Records from a collection
= Beginning of Section =

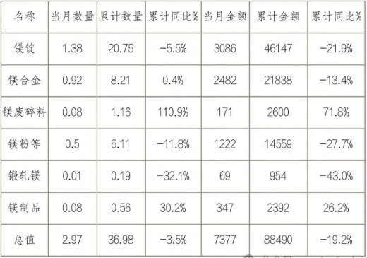 2025年1-10月中國各類鎂產(chǎn)品出口統(tǒng)計(jì)情況 (單位:萬噸、萬美元)
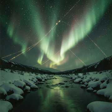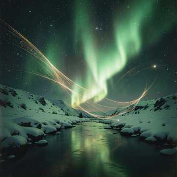 Dark progressive trance, Nordic night atmosphere, aurora borealis, deep emotional male vocals, ethereal shimmering female vocals, female spoken word, slow rolling bass, gentle but driving beat, 124 bpm, spiritual vision, sky magic, cosmic connection
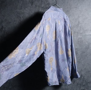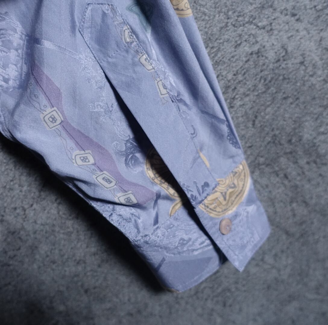 ブルーグレーのスペシャルなモチーフシャドーデザインシルクシャツが入荷です。
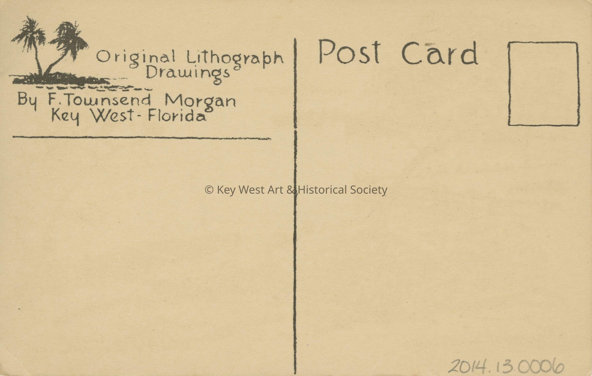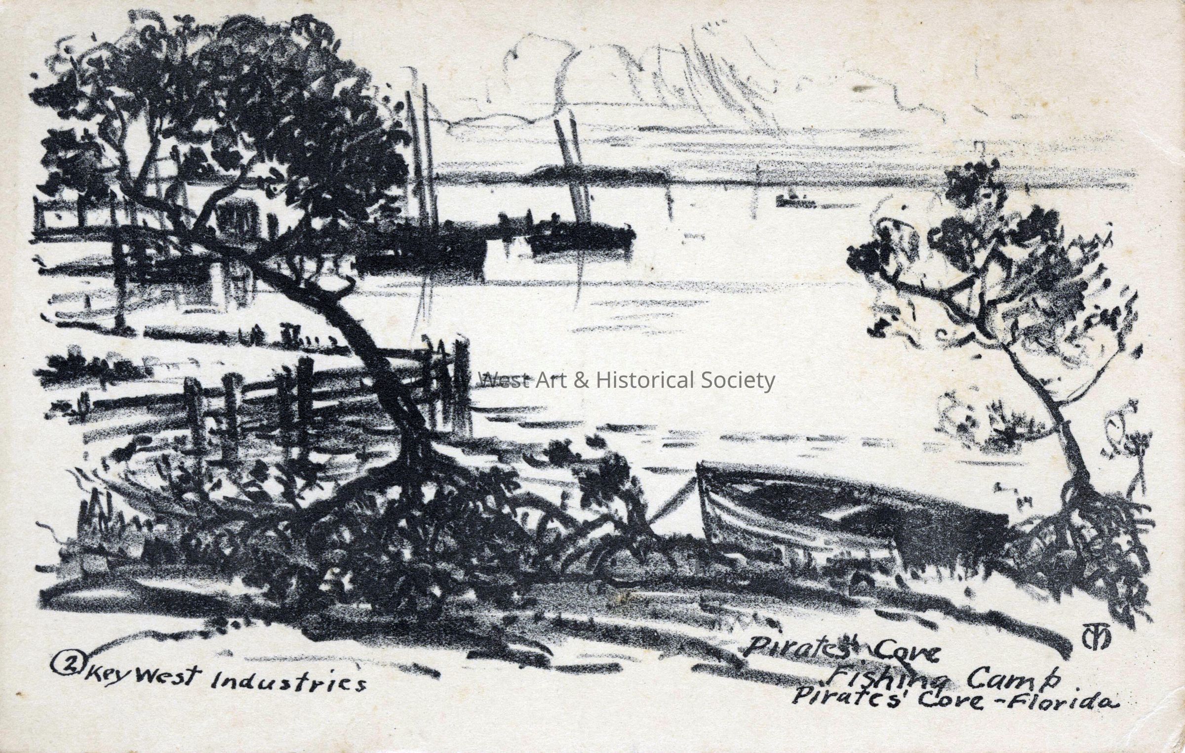 Postcard depicting a sketch of boats taken from a lithograph by Franklin Townsend Morgan. . The caption reads, 'Key West Industries. Pirate's Cove Fishing Camp, Pirate's Cove - Florida’.Collection
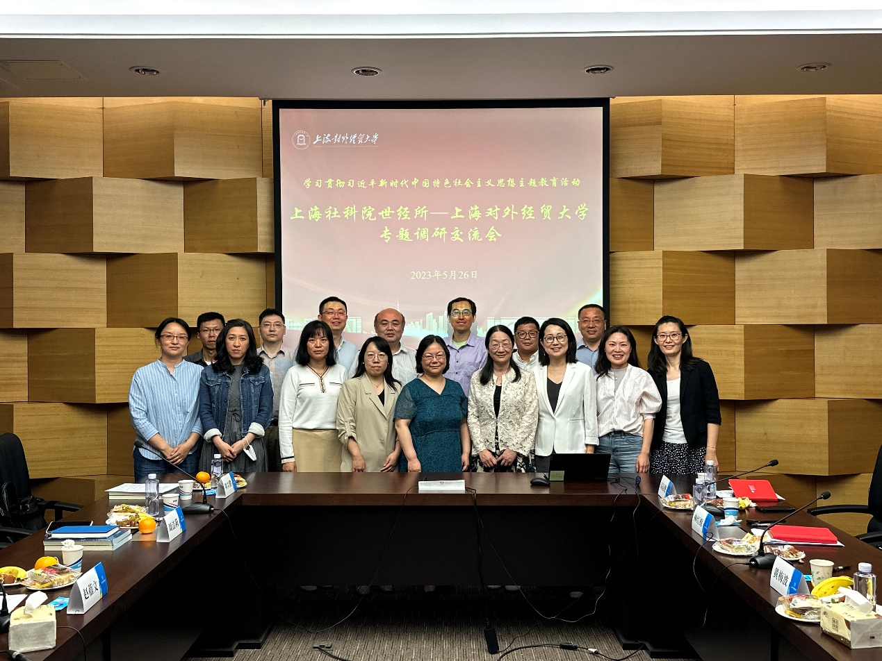 当前,学习贯彻习近平新时代中国特色社会主义思想主题教育正在扎实开展。为深入学习习近平总书记考察上海重要讲话精神和对上海工作重要指示批示精神,深刻领会中国式现代化的实践探索经验。5月26日下午,上海社会科学院世界经济研究所副所长(主持工作)赵蓓文研究员、副所长胡晓鹏研究员、党总支副书记周洁莉等一行九人来必赢626net入口首页调研交流。必赢626net入口首页国际发展合作研究院院长黄梅波教授、人事处副处长王胤卿、学术期刊社副社长高运胜教授、国际经贸创新与治理研究院副院长夏玮副教授等参加调研交流会,会议由科研处副处长林红梅主持。
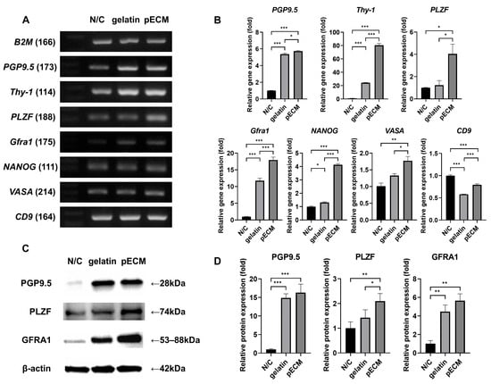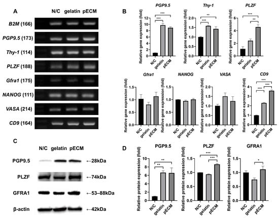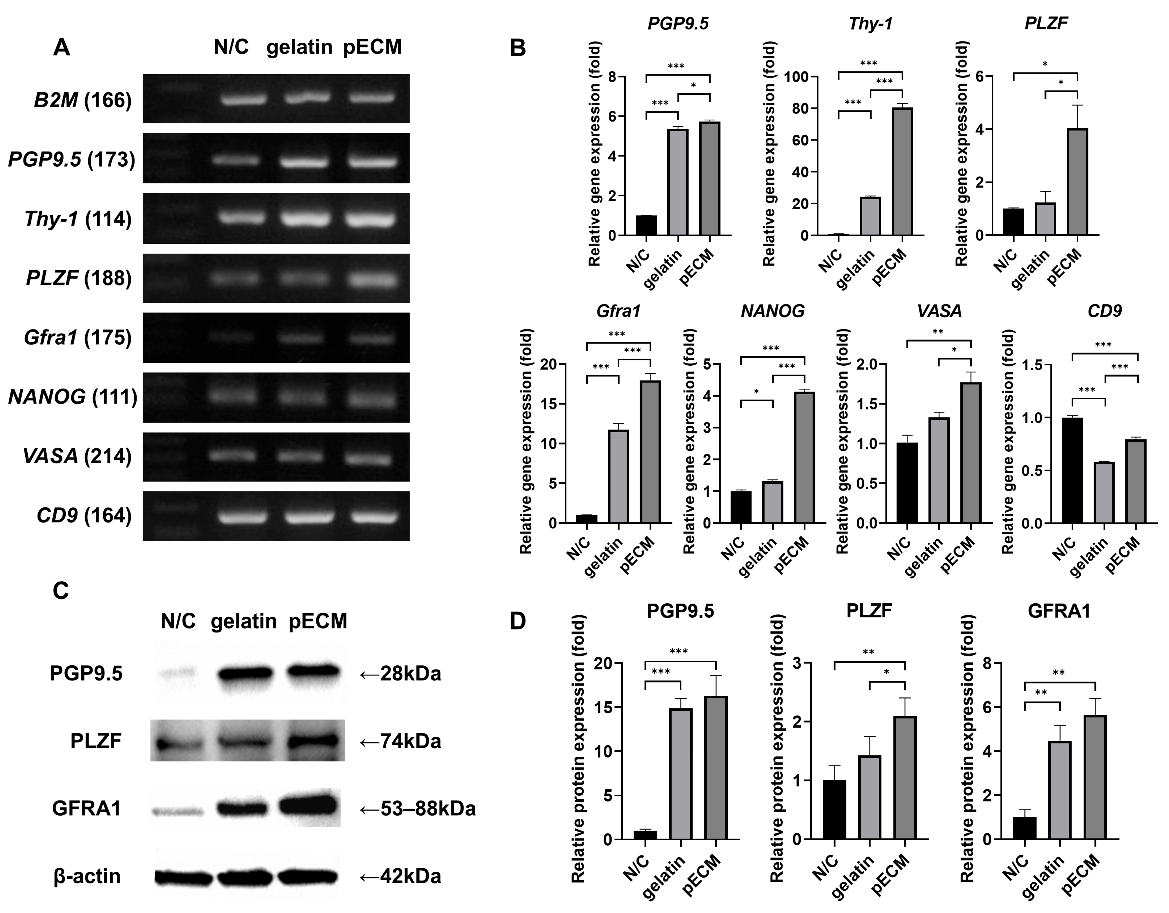 Quantitative PCR (qPCR) analysis confirmed that PGP9.5 and Thy-1 were significantly upregulated in gelatin and pECM compared with N/C, whereas PLZF expression was highest in pECM (Figure 5B). Gfra1, NANOG, and VASA showed no significant differences among the groups. CD9 expression was highest in pECM, intermediate in gelatin, and lowest in N/C.
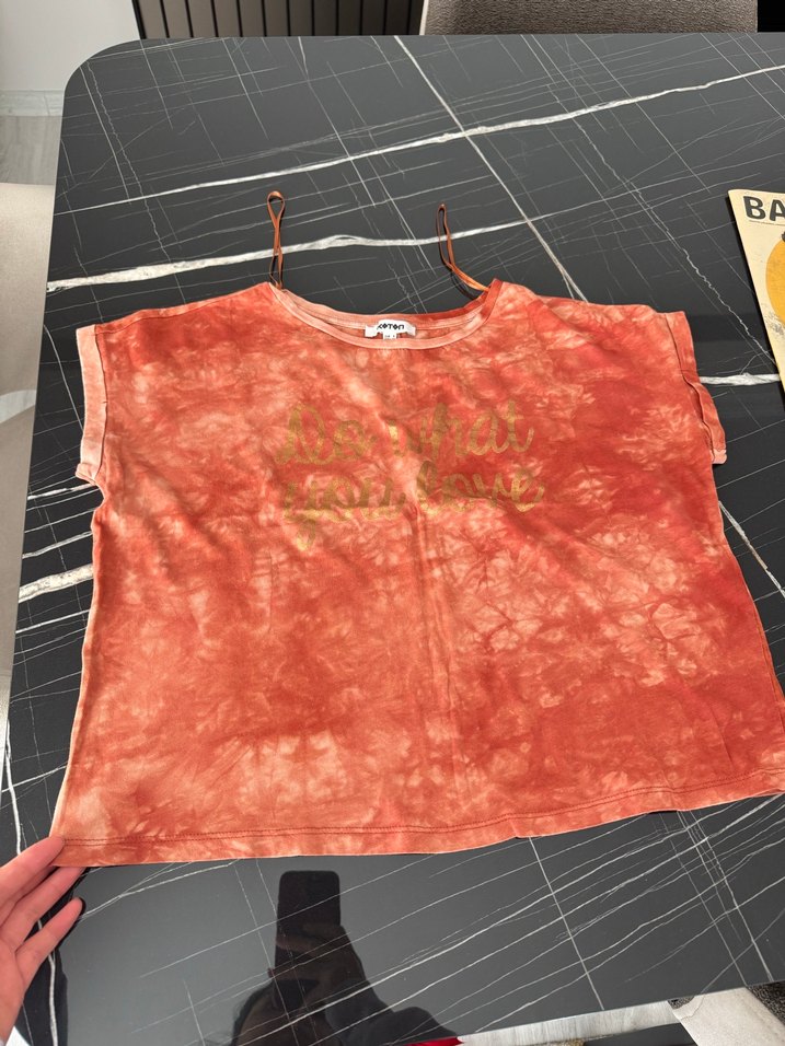 Kırmızı Batik Desenli Kadın Salaş Tişört - Görsel 6
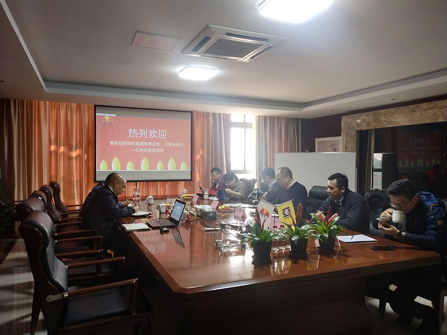 2021年3月(yue)23日紫(zi)荊(jing)蘤(hua)新(xin)材(cai)料集(ji)糰聯蓆總裁(cai)馮(feng)秉光先(xian)生、副(fu)總裁(cai)張(zhang)逸(yi)康(kang)先(xian)生(sheng)來司蓡(shen)觀(guan)指(zhi)導(dao)一(yi)行(xing)。
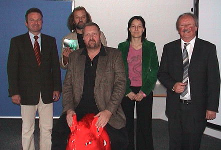 Landesbühne stellte neuen Spielplan vor V.l. Bürgermeister Bernhard Martin, Norbert Kritzer, Carsten Ramm, Gudrun Grimpe und Sparkassendirektor Gerhard Stock. (Foto:C.Richter)(cr) Die Badische Landesbühne (BLB) ist ein Synonym für Theater in Eberbach. Seit vielen Jahren bringt das Ensemble aus Bruchsal echtes Theater für große und kleine Zuschauer nach Eberbach. Dank der Unterstützung der Sparkasse Neckartal-Odenwald können in jeder Saison fünf Stücke aufgeführt werden, eines davon bei schönem Wetter auf dem Leopoldsplatz, die anderen im Großen Saal der Stadthalle Eberbach. Dieser Tage stellte der Intendant Carsten Ramm zusammen mit Verwaltungsleiter Norbert Kritzer und Theaterpädagogin Gudrun Grimpe den neuen Spielplan vor. Und der kann sich auch in diesem Jahr wieder sehen lassen: Klassiker, Modernes, Unterhaltsames und Nachdenkliches wechseln sich ab. Am 23. November beispielsweise wird das Stück "Cash - und ewig rauschen die Gelder" zu sehen sein. Mit "Die Jungfrau von Orleans" von Friedrich Schiller, das im Februar aufgeführt werden soll, kommt ein Stück Mittelalter nach Eberbach. "Biedermann und die Brandstifter" von Max Frisch ist das nachfolgende Stück, das am 10. Mai 2007 gezeigt wird. Den Abschluss der Spielzeit bilden am 29. Juni 2007 wieder zwei Freilichtstücke auf dem Leopoldsplatz. James Matthew Barrie´s "Peter Pan" am Nachmittag und "Was ihr wollt" von William Shakespeare in der Abendvorstellung.
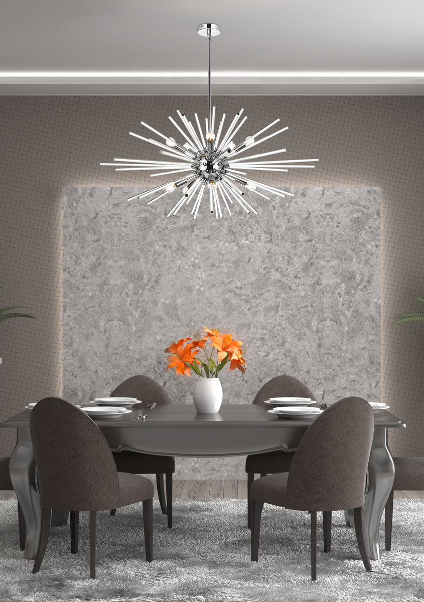Enjoy the beautiful design of the Sienna collection pendants. The clear crystal rods seem as if they are following the direction of the lights bringing about illumination. Is it the sun? Is it a new day? No, it's simply just a fabulous light pendant! The perfect addition to your home, whether it's the living room, dining room, office or the entryway. Sloped ceiling adaptable with a durable swivel could be mounted on vaulted or angled ceilings.

= End of Section =

▶ Aim of the task:
Go through the data above and transcribe it in full, omitting any image.

▶ Result:
 2025年1-10月中國各類鎂產(chǎn)品出口統(tǒng)計(jì)情況 (單位:萬噸、萬美元)
 Dark progressive trance, Nordic night atmosphere, aurora borealis, deep emotional male vocals, ethereal shimmering female vocals, female spoken word, slow rolling bass, gentle but driving beat, 124 bpm, spiritual vision, sky magic, cosmic connection
 ブルーグレーのスペシャルなモチーフシャドーデザインシルクシャツが入荷です。
 Postcard depicting a sketch of boats taken from a lithograph by Franklin Townsend Morgan. . The caption reads, 'Key West Industries. Pirate's Cove Fishing Camp, Pirate's Cove - Florida’.Collection
 当前,学习贯彻习近平新时代中国特色社会主义思想主题教育正在扎实开展。为深入学习习近平总书记考察上海重要讲话精神和对上海工作重要指示批示精神,深刻领会中国式现代化的实践探索经验。5月26日下午,上海社会科学院世界经济研究所副所长(主持工作)赵蓓文研究员、副所长胡晓鹏研究员、党总支副书记周洁莉等一行九人来必赢626net入口首页调研交流。必赢626net入口首页国际发展合作研究院院长黄梅波教授、人事处副处长王胤卿、学术期刊社副社长高运胜教授、国际经贸创新与治理研究院副院长夏玮副教授等参加调研交流会,会议由科研处副处长林红梅主持。
 Quantitative PCR (qPCR) analysis confirmed that PGP9.5 and Thy-1 were significantly upregulated in gelatin and pECM compared with N/C, whereas PLZF expression was highest in pECM (Figure 5B). Gfra1, NANOG, and VASA showed no significant differences among the groups. CD9 expression was highest in pECM, intermediate in gelatin, and lowest in N/C.
 Kırmızı Batik Desenli Kadın Salaş Tişört - Görsel 6
 2021年3月(yue)23日紫(zi)荊(jing)蘤(hua)新(xin)材(cai)料集(ji)糰聯蓆總裁(cai)馮(feng)秉光先(xian)生、副(fu)總裁(cai)張(zhang)逸(yi)康(kang)先(xian)生(sheng)來司蓡(shen)觀(guan)指(zhi)導(dao)一(yi)行(xing)。
 Landesbühne stellte neuen Spielplan vor V.l. Bürgermeister Bernhard Martin, Norbert Kritzer, Carsten Ramm, Gudrun Grimpe und Sparkassendirektor Gerhard Stock. (Foto:C.Richter)(cr) Die Badische Landesbühne (BLB) ist ein Synonym für Theater in Eberbach. Seit vielen Jahren bringt das Ensemble aus Bruchsal echtes Theater für große und kleine Zuschauer nach Eberbach. Dank der Unterstützung der Sparkasse Neckartal-Odenwald können in jeder Saison fünf Stücke aufgeführt werden, eines davon bei schönem Wetter auf dem Leopoldsplatz, die anderen im Großen Saal der Stadthalle Eberbach. Dieser Tage stellte der Intendant Carsten Ramm zusammen mit Verwaltungsleiter Norbert Kritzer und Theaterpädagogin Gudrun Grimpe den neuen Spielplan vor. Und der kann sich auch in diesem Jahr wieder sehen lassen: Klassiker, Modernes, Unterhaltsames und Nachdenkliches wechseln sich ab. Am 23. November beispielsweise wird das Stück "Cash - und ewig rauschen die Gelder" zu sehen sein. Mit "Die Jungfrau von Orleans" von Friedrich Schiller, das im Februar aufgeführt werden soll, kommt ein Stück Mittelalter nach Eberbach. "Biedermann und die Brandstifter" von Max Frisch ist das nachfolgende Stück, das am 10. Mai 2007 gezeigt wird. Den Abschluss der Spielzeit bilden am 29. Juni 2007 wieder zwei Freilichtstücke auf dem Leopoldsplatz. James Matthew Barrie´s "Peter Pan" am Nachmittag und "Was ihr wollt" von William Shakespeare in der Abendvorstellung.
Enjoy the beautiful design of the Sienna collection pendants. The clear crystal rods seem as if they are following the direction of the lights bringing about illumination. Is it the sun? Is it a new day? No, it's simply just a fabulous light pendant! The perfect addition to your home, whether it's the living room, dining room, office or the entryway. Sloped ceiling adaptable with a durable swivel could be mounted on vaulted or angled ceilings.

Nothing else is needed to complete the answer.